RECORDED INFORMATION:
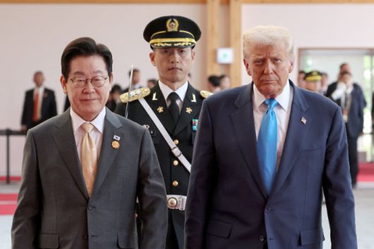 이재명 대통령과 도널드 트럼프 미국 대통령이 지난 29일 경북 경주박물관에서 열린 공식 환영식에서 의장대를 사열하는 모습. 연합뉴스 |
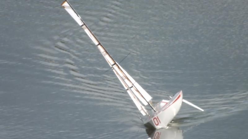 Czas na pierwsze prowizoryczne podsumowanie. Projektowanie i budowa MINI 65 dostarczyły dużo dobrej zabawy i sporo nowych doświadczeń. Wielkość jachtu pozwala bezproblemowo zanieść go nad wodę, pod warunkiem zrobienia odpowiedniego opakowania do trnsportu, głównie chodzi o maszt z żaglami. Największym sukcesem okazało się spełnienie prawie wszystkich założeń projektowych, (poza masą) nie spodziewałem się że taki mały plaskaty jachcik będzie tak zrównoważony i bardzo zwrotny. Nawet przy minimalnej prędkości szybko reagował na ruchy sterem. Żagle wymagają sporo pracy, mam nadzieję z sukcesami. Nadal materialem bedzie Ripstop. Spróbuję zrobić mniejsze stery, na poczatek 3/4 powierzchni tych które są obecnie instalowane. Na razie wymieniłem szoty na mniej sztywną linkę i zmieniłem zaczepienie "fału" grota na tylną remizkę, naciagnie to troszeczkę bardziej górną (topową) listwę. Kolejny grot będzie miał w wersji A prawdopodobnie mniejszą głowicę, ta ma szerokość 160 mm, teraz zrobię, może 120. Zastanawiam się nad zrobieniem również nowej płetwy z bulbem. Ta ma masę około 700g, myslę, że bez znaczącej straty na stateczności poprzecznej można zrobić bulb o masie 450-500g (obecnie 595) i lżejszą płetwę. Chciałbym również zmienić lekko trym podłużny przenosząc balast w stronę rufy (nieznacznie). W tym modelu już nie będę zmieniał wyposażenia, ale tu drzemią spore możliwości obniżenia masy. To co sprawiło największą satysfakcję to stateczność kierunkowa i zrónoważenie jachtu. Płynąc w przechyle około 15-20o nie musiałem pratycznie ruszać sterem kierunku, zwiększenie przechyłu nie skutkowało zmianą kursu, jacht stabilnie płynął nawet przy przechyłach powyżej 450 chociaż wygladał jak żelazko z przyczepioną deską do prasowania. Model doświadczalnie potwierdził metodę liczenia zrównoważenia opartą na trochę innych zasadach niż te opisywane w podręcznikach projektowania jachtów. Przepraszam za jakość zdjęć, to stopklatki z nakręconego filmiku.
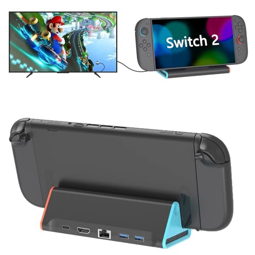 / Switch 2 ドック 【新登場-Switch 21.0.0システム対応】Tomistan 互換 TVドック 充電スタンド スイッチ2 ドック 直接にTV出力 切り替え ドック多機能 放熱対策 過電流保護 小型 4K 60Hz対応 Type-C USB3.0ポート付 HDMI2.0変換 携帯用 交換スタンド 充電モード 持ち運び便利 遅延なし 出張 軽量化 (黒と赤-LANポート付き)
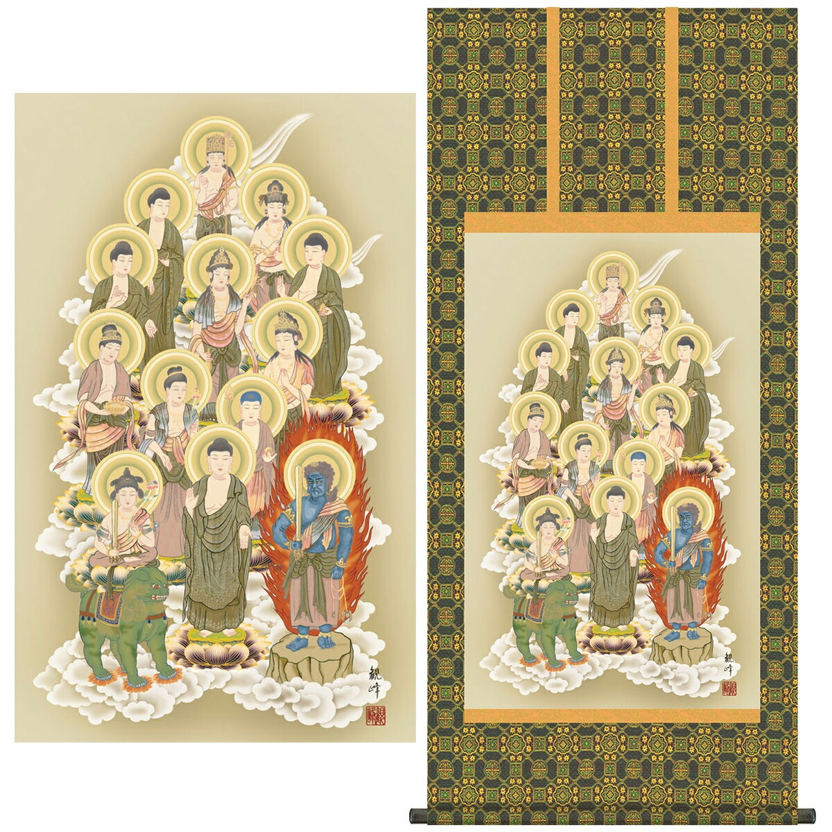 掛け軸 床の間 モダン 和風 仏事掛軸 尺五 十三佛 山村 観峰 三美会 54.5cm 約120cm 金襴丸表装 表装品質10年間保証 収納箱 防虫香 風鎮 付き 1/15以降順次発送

TASK TO CARRY OUT: Retype all of the material above precisely as it reads. Pictures are not part of the copy.

OUTPUT FOR THIS TASK:
 이재명 대통령과 도널드 트럼프 미국 대통령이 지난 29일 경북 경주박물관에서 열린 공식 환영식에서 의장대를 사열하는 모습. 연합뉴스 |
 Czas na pierwsze prowizoryczne podsumowanie. Projektowanie i budowa MINI 65 dostarczyły dużo dobrej zabawy i sporo nowych doświadczeń. Wielkość jachtu pozwala bezproblemowo zanieść go nad wodę, pod warunkiem zrobienia odpowiedniego opakowania do trnsportu, głównie chodzi o maszt z żaglami. Największym sukcesem okazało się spełnienie prawie wszystkich założeń projektowych, (poza masą) nie spodziewałem się że taki mały plaskaty jachcik będzie tak zrównoważony i bardzo zwrotny. Nawet przy minimalnej prędkości szybko reagował na ruchy sterem. Żagle wymagają sporo pracy, mam nadzieję z sukcesami. Nadal materialem bedzie Ripstop. Spróbuję zrobić mniejsze stery, na poczatek 3/4 powierzchni tych które są obecnie instalowane. Na razie wymieniłem szoty na mniej sztywną linkę i zmieniłem zaczepienie "fału" grota na tylną remizkę, naciagnie to troszeczkę bardziej górną (topową) listwę. Kolejny grot będzie miał w wersji A prawdopodobnie mniejszą głowicę, ta ma szerokość 160 mm, teraz zrobię, może 120. Zastanawiam się nad zrobieniem również nowej płetwy z bulbem. Ta ma masę około 700g, myslę, że bez znaczącej straty na stateczności poprzecznej można zrobić bulb o masie 450-500g (obecnie 595) i lżejszą płetwę. Chciałbym również zmienić lekko trym podłużny przenosząc balast w stronę rufy (nieznacznie). W tym modelu już nie będę zmieniał wyposażenia, ale tu drzemią spore możliwości obniżenia masy. To co sprawiło największą satysfakcję to stateczność kierunkowa i zrónoważenie jachtu. Płynąc w przechyle około 15-20o nie musiałem pratycznie ruszać sterem kierunku, zwiększenie przechyłu nie skutkowało zmianą kursu, jacht stabilnie płynął nawet przy przechyłach powyżej 450 chociaż wygladał jak żelazko z przyczepioną deską do prasowania. Model doświadczalnie potwierdził metodę liczenia zrównoważenia opartą na trochę innych zasadach niż te opisywane w podręcznikach projektowania jachtów. Przepraszam za jakość zdjęć, to stopklatki z nakręconego filmiku.
 / Switch 2 ドック 【新登場-Switch 21.0.0システム対応】Tomistan 互換 TVドック 充電スタンド スイッチ2 ドック 直接にTV出力 切り替え ドック多機能 放熱対策 過電流保護 小型 4K 60Hz対応 Type-C USB3.0ポート付 HDMI2.0変換 携帯用 交換スタンド 充電モード 持ち運び便利 遅延なし 出張 軽量化 (黒と赤-LANポート付き)
 掛け軸 床の間 モダン 和風 仏事掛軸 尺五 十三佛 山村 観峰 三美会 54.5cm 約120cm 金襴丸表装 表装品質10年間保証 収納箱 防虫香 風鎮 付き 1/15以降順次発送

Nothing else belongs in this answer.